Но, наряду с подобной парадной, подчас почти по-дворцовому изукрашенной природой, невольно вызывающей в памяти знаменитую золотую анфиладу, большой зал, янтарную комнату или «сребророзовые светлицы» большого Царскосельского дворца, в стихах Державина есть и тонко выписанные, совершенно точные зарисовки природы различных местностей России. В этих пейзажах, порой почти непосредственно подводящих нас к осенне-зимним пейзажам пушкинского «Евгения Онегина», замечательна конкретность державинского рисунка, тщательное соблюдение им «местного колорита». Таково, например, описание осени в оде «Осень во время осады Очакова» (1788). Белинский, с похвалой отмечая верность описаний Державина в ряде строф этой оды («По ним вы думаете, что вы в России»), по поводу стихов: «И роскошь винограду просит Рукою жадной на вино» добавляет: «Тоже прекрасные стихи; но куда они переносят вас — бог весть!» На самом деле стихи эти вполне

53

соответствуют описываемой местности — осени под Очаковом. Равным образом в «Водопаде» (1791) Державин дал столь же величественное, сколь и точное описание водопада Кивач, совпадающее с тем его описанием, которое в свое время он занес под непосредственным впечатлением в свой путевой дневник. В оде «На возвращение графа Зубова из Персии» Державин — в данном случае, очевидно, по рассказам — дал впервые в нашей поэзии картину дикой природы Кавказа (Пушкин с похвалой приводит ее в примечаниях к «Кавказскому пленнику»).
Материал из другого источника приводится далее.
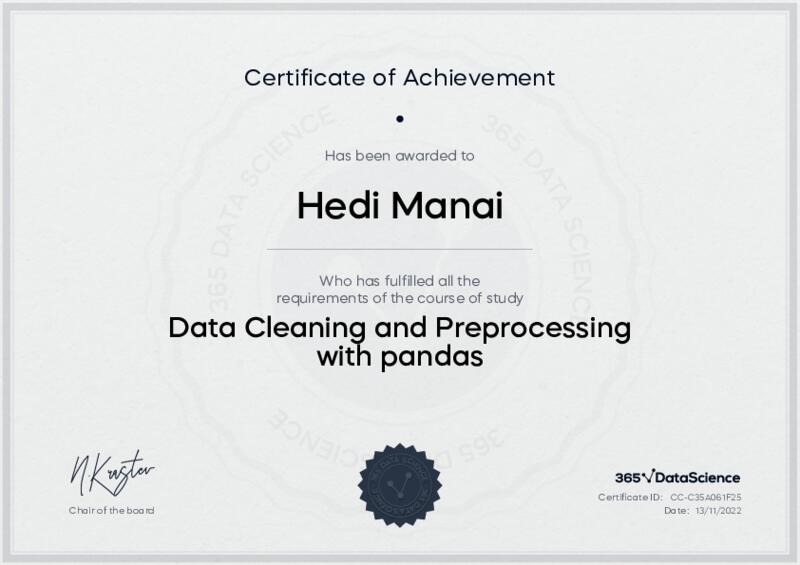 This user has been awarded the Data Cleaning and Preprocessing with pandas Certificate for successfully completing the course exam. Holding this certificate demonstrates their proficiency on the topic and signifies they are qualified to apply their newly acquired expertise in the fields of data analytics and data science.
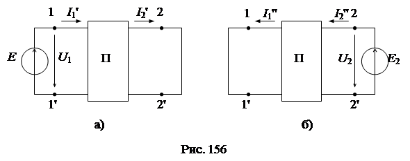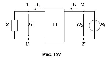 Установим связь между параметрами режима входа (U 1, I 1) и выхода (U 2, I 2). Для этой цели согласно теореме о компенсации заменим нагрузку Z 2 источником ЭДС Е 2 = U 2 = I 2 Z 2 и найдем токи по методу наложения от каждого источника в отдельности (рис. 156а, б):
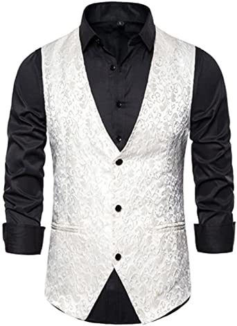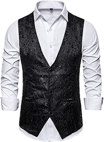 Men's Casual Printed Vests Fashion Solid Color Slim Fit V-Neck Vests Groomsmen Suits Host ClothingsMen's Casual Printed Vests Fashion Solid Color Slim Fit V-Neck Vests Groomsmen Suits Host Clothings
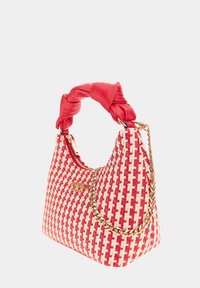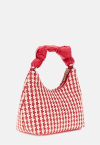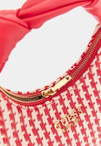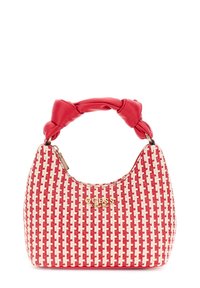 Sac à main tissé rouge et blanc avec une poignée en cuir rouge torsadée et un logo doré "GUESS" sur le devant.
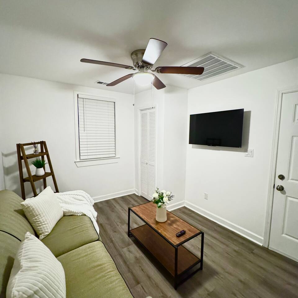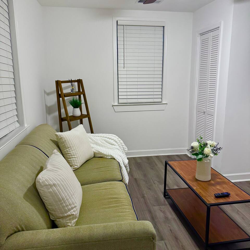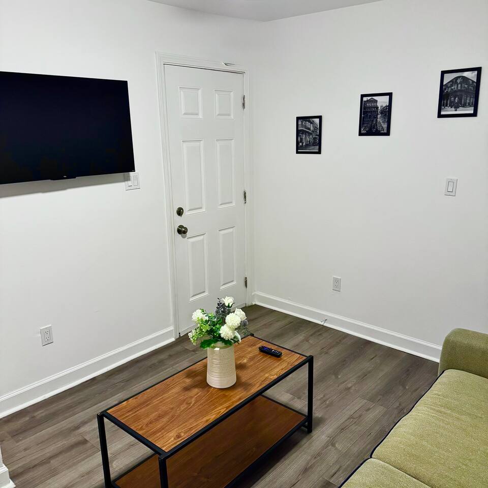 This renovated apartment in 2023 is located in a safe and quiet area. It features 1 bedroom, 1 bathroom, a kitchen, dining area, and living room, accommodating up to 4 guests with a comfortable sofa bed. Its great location allows you to walk to Caesars Superdome and Smoothie King Center, and it’s also near Canal Street. With quick access to major highways, getting around the city is easy and convenient. A perfect choice for your stay! Nearby Attractions ★ Caesars Superdome – Walking distance ★ Smoothie King Center – Walking distance ★ Canal Street – 0.8 mi ★ French Quarter – 1.3 mi ★ Bourbon Street – 1.4 mi ★ The Riverwalk Outlets – 1.6 mi ★ Jackson Square – 1.7 mi ★ French Market – 1.9 mi ★ City Park – 4.3 mi The Space The apartment is designed for comfort and functionality. It is divided into a living room, kitchen, bedroom, and bathroom, creating a cozy and well-distributed space. With a capacity for 4 guests, it includes an additional sofa bed to ensure a comfortable and pleasant stay. LIVING ROOM Enjoy a cozy living space with a queen-size sofa bed, Smart TV, and a closet for added convenience. The window offers a stunning view of the Smoothie King Center and Caesars Superdome, perfect for relaxing and taking in the surroundings. KITCHEN Our kitchen is fully equipped with a refrigerator, microwave, stove with oven, and coffee maker. It includes all the necessary utensils for cooking. As a courtesy, we provide coffee, creamer, and sugar so you can enjoy a great cup anytime. BEDROOM The bedroom is spacious and features a queen-size bed, nightstand, and a large closet where you can conveniently organize your luggage. BATHROOM The bathroom features a single vanity, toilet, and a bathtub with a shower. It is fully stocked with shampoo, conditioner, and body wash. We also provide a complete set of body, face, and hand towels for each guest. LAUNDRY Although the apartment does not have an in-unit laundry, we do have a dedicated laundry area that you will have access to at any time whenever you need it.
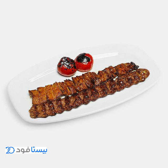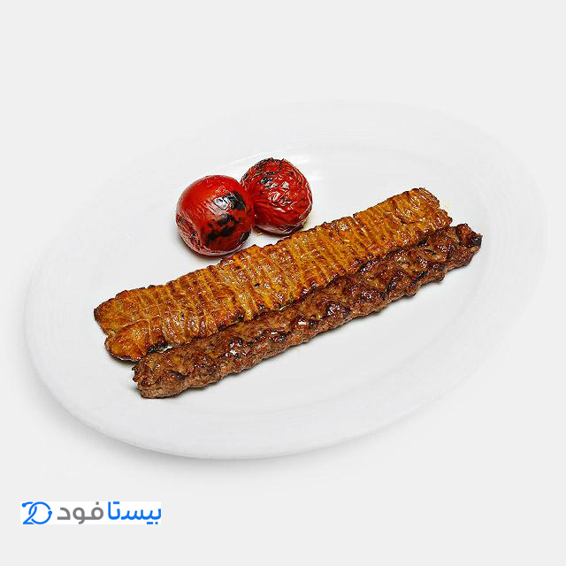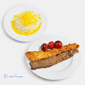 یک سیخ کباب برگ گوشت راسته گوسفندی ۱۴۰ گرمی، یک سیخ کباب کوبیده گوشت گوسفندی ۸۰ گرمی، یک پرس برنج ایرانی ۳۵۰ گرمی، بدون دورچین
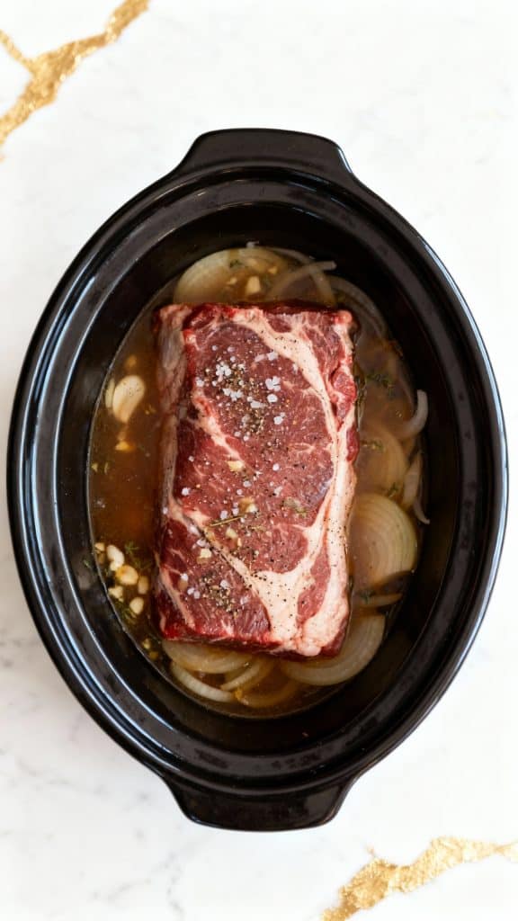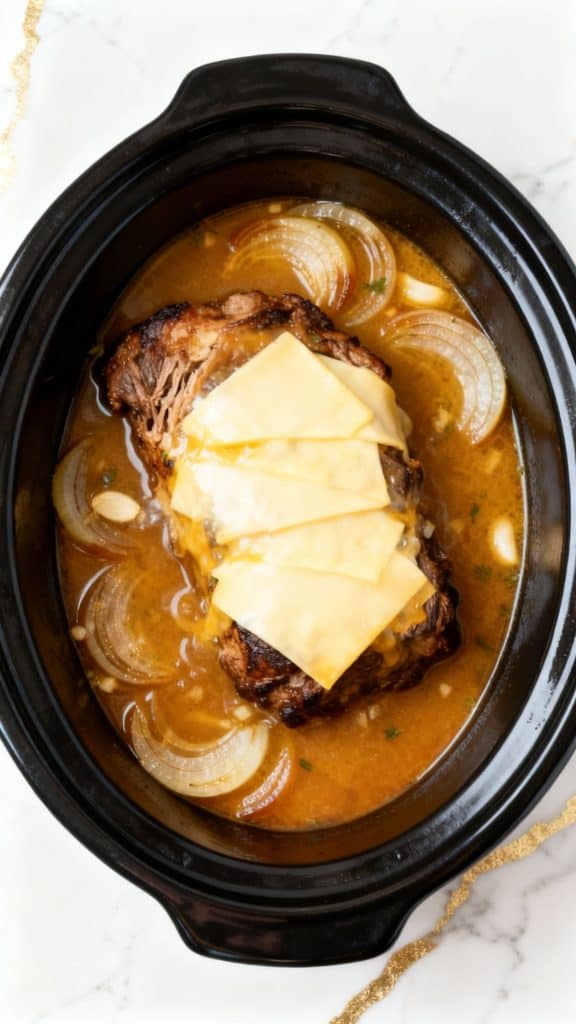 Top the roast with 6 slices of provolone cheese, right in the crockpot. Let it sit with the lid off (or just lightly covered) for 5–10 minutes until the cheese is melty, bubbly, and irresistible.

Поэт-живописец, Державин во многих своих стихотворениях предстает и поэтом-мыслителем. Особенно характерны для его поэтических раздумий две тесно связанные между собой темы: тема непостоянства, прихотливой изменчивости человеческой судьбы и тема бренности всего существующего, неотвратимости смерти. Обе эти темы настойчиво подсказывались окружавшей поэта общественно-политической действительностью. Пиршественная пышность, праздничный блеск и сверкание вельможеско-дворянской России расцветали — Державин остро ощущал это — «бездны на краю». Он был очевидцем грозного «колебания народного» — восстания русских крестьян, чуть не опрокинувшего весь дворянско-крепостнический строй, был современником американской и французской революций («Мы видим троны сокрушенны И падших с них земных богов», «И близ грядущая минута Пременой не чревата ль царств?» — «На новый 1798 год»). На глазах Державина складывались неожиданные и калейдоскопически пестрые судьбы многочисленных «наперсников», «возведенцев счастья», как называл он екатерининских временщиков. Из социальног-о небытия они поднимались на предельные высоты империи и подчас так же стремительно низвергались с них: «сегодня бог, а завтра прах». В своей собственной служебной карьере Державин знал те же непрерывные взлеты и падения. И вот традиционный «классический» образ колеса богини Фортуны («вертится всеминутно людской фортуны колесо») приобретает под пером Державина широкий, всеохватывающий смысл — непрерывного мирового круговорота. «Весь мир подобен колесу. Се спица вверх и вниз вратится», «Здесь к небу вознесен на троне, А там на плахе Людовик», «Единый час, одно мгновенье Удобны царства поразить, Одно стихиев дуновенье Гигантов в прах преобратить», — не устает твердить поэт. Отсюда возникают мотивы обреченности современной ему жизни, людей; хрупкости, мимолетности человеческого бытия вообще. Мысль о неизбежной, неотвратимой смерти вносит трагическую ноту в радостно-торжествующие мажорные хоры державинской поэзии. На острейшем контрасте между жизнью среди «роскоши, прохлад и нег» и внезапно, «как тать»,

54

подкравшейся смертью построено уже известное нам стихотворение «На смерть князя Мещерского»: «Где стол был яств, там гроб стоит». Высшего художественного выражения эти настроения и мысли Державина достигли в знаменитой оде «Водопад», которую Пушкин считал вообще лучшим из его произведений. В образе водопада — «алмазной горы», с «гремящим ревом» низвергающейся вниз, в долину, чтобы через короткое время бесследно «потеряться» «в глуши глухого бора», — поэтом не только дано аллегорическое изображение жизненной судьбы одной из самых характерных фигур нашего XVIII века, «присноименного талантами и слабостями» (6, 625) «сына счастия и славы», «великолепного князя Тавриды», но и создан своеобразный символ всего «века Екатерины» вообще. Последними стихами Державина, написанными им грифелем на аспидной доске и к настоящему времени почти совершенно стершимися,1 были глубоко пессимистические строки: «Река времен в своем стремленьи Уносит все дела людей...»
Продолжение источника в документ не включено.